Private university in Dobbs Ferry, New York, US

Mercy University (Mercy NY), previously known as Mercy College, is a private research university in Dobbs Ferry, New York, United States, with additional locations in Manhattan and the Bronx. It is a federally-designated minority-serving institution and the largest private Hispanic-Serving Institution in the state of New York. The university was historically affiliated with the Catholic Church, but has been independent and non-sectarian since the early 1970s, though it retains its historical affiliation with the Sisters of Mercy.

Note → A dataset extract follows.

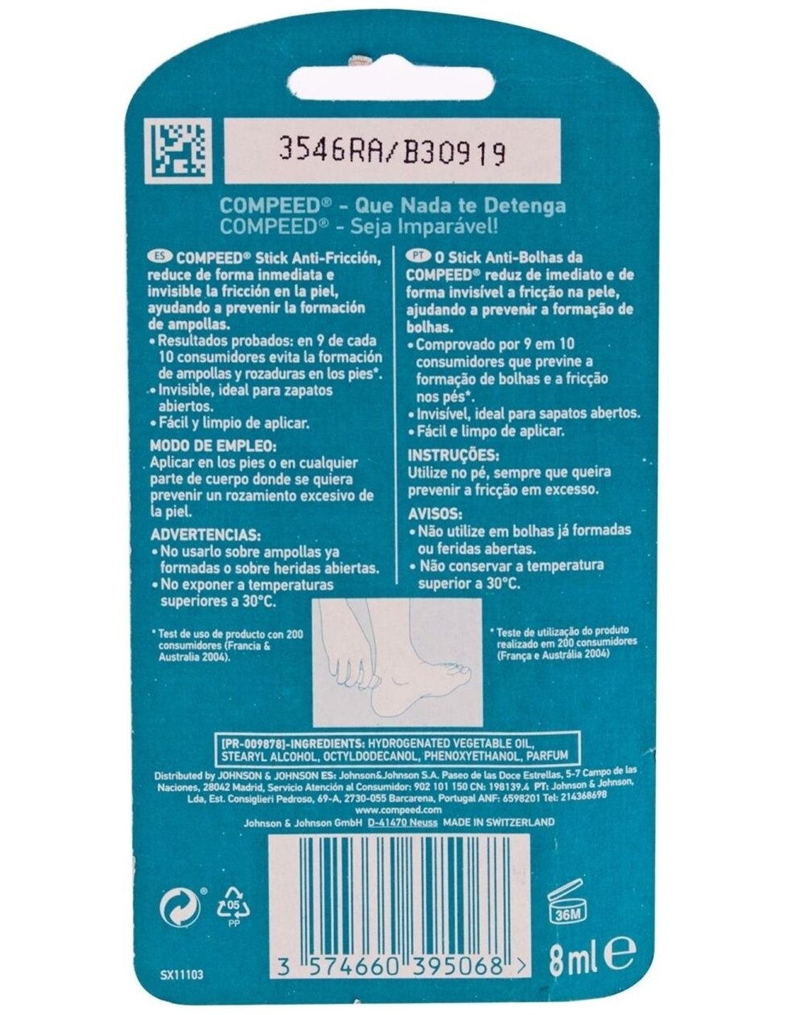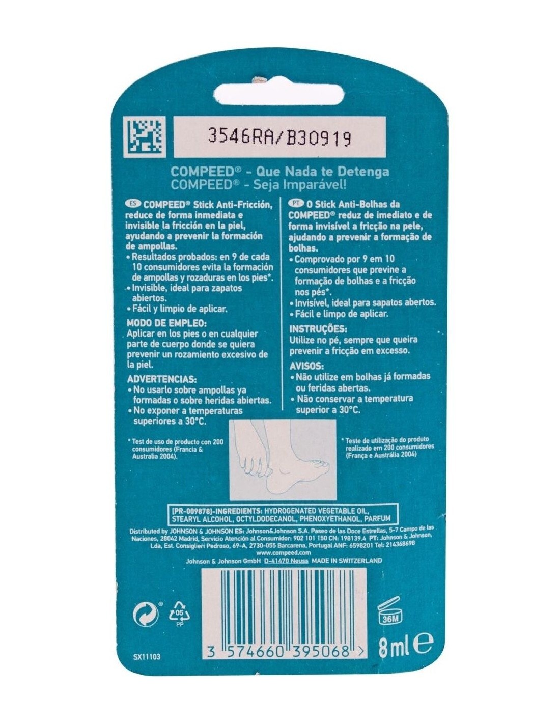 Compeed® Stick Anti-fricción 8ml es un stick antifricción de fácil aplicación. Ayuda a frenar la aparición de rozaduras, calma el dolor en los pies y contribuye a prevenir que sigan creciendo las ampollas.

The university has six schools and offers more than 100 undergraduate and graduate degree and certificate programs, on campus and online. Mercy University's 2025 Carnegie Classification has been designated as a Professions-focused Undergraduate/Graduate-Doctorate Medium. Enrollment at Mercy University includes approximately 9,000 undergraduate and graduate students representing 42 states and 59 countries throughout Asia, Europe and Latin America.

== History ==
The college was founded in 1950 by the Sisters of Mercy. Mercy became a four-year institution offering programs leading to the baccalaureate degree in 1961. Mercy first received accreditation from the Middle States Commission on Higher Education by the end of that decade. Over the next half-decade, Mercy became independent, non-sectarian, and co-educational; it also doubled the size of the existing physical plant.

In 2011, Mercy College absorbed the buildings and facilities of Our Lady of Victory Academy. The purchase and redevelopment of Victory Hall in 2013 allowed Mercy to increase classroom space, particularly for experiential learning in Business, Health Sciences, Music Production and Recording Arts, and Design and Animation. In 2016, Mercy College opened a new $32 million, 100,000-square-foot residence hall, a 5,000-square-foot fitness center and a Starbucks Cafe and convenience store on its Dobbs Ferry campus. Mercy College expanded and renovated its Manhattan campus in 2019. Also in 2019, Mercy College absorbed the College of New Rochelle. In 2023, Mercy College launched its sixth school, the School of Nursing, and became Mercy University to reflect the breadth of its programs across a wide variety of disciplines at the undergraduate and graduate levels and its evolution to a research university. In 2024, Mercy University completed $4.25 million worth of campus improvements in Dobbs Ferry, New York, including the construction of a 4,100 square-foot permanent open-aired pavilion in The Grove area of the Dobbs Ferry main campus. Also in 2024, Mercy University started enhancing its athletic fields on the Dobbs Ferry campus.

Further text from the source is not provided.